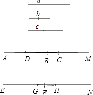 分析 先平分线段b和c,再作射线AM,再截取AB=a,BC=$\frac{1}{2}$b,CD=c,则AD为所求;然后作射线EN,再截取EF=a,FH=$\frac{1}{2}$b,GH=$\frac{1}{2}$c,则EG为所求.
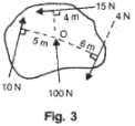 In the given figure, forces 10 N and 100 N act clockwise and the forces 15 N and 4 N act anticlockwise moment of force = sum of clockwise moments - sum of anticlockwise moments
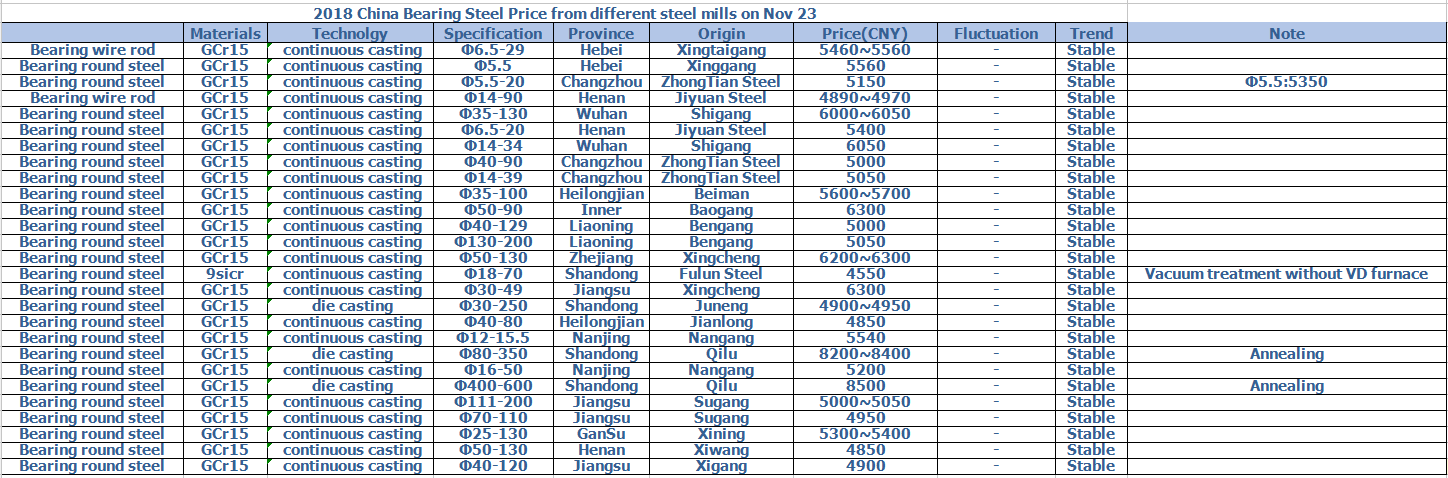 2018 China Bearing Steel Price from different steel mills on Nov 23
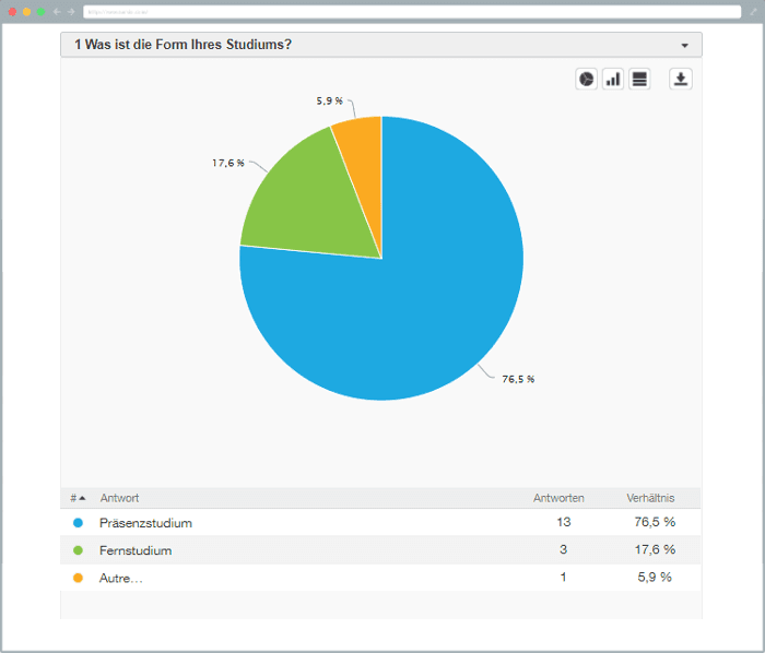 Folgender Graph enthält absoluten und auch prozentuellen Ausdruck der Verhältnisse von allen Antworten. Textantworten sind sehr schwer automatisch (mit Algorithmus) zu beurteilen. Wir empfehlen manuelle Bearbeitung dieser Texteingaben.

....

WHAT YOU ARE ASKED TO DO: Everything in the listing above must be retyped exactly, except for the pictures.

ANSWER:
 分析 先平分线段b和c,再作射线AM,再截取AB=a,BC=$\frac{1}{2}$b,CD=c,则AD为所求;然后作射线EN,再截取EF=a,FH=$\frac{1}{2}$b,GH=$\frac{1}{2}$c,则EG为所求.
 In the given figure, forces 10 N and 100 N act clockwise and the forces 15 N and 4 N act anticlockwise moment of force = sum of clockwise moments - sum of anticlockwise moments
 2018 China Bearing Steel Price from different steel mills on Nov 23
 Folgender Graph enthält absoluten und auch prozentuellen Ausdruck der Verhältnisse von allen Antworten. Textantworten sind sehr schwer automatisch (mit Algorithmus) zu beurteilen. Wir empfehlen manuelle Bearbeitung dieser Texteingaben.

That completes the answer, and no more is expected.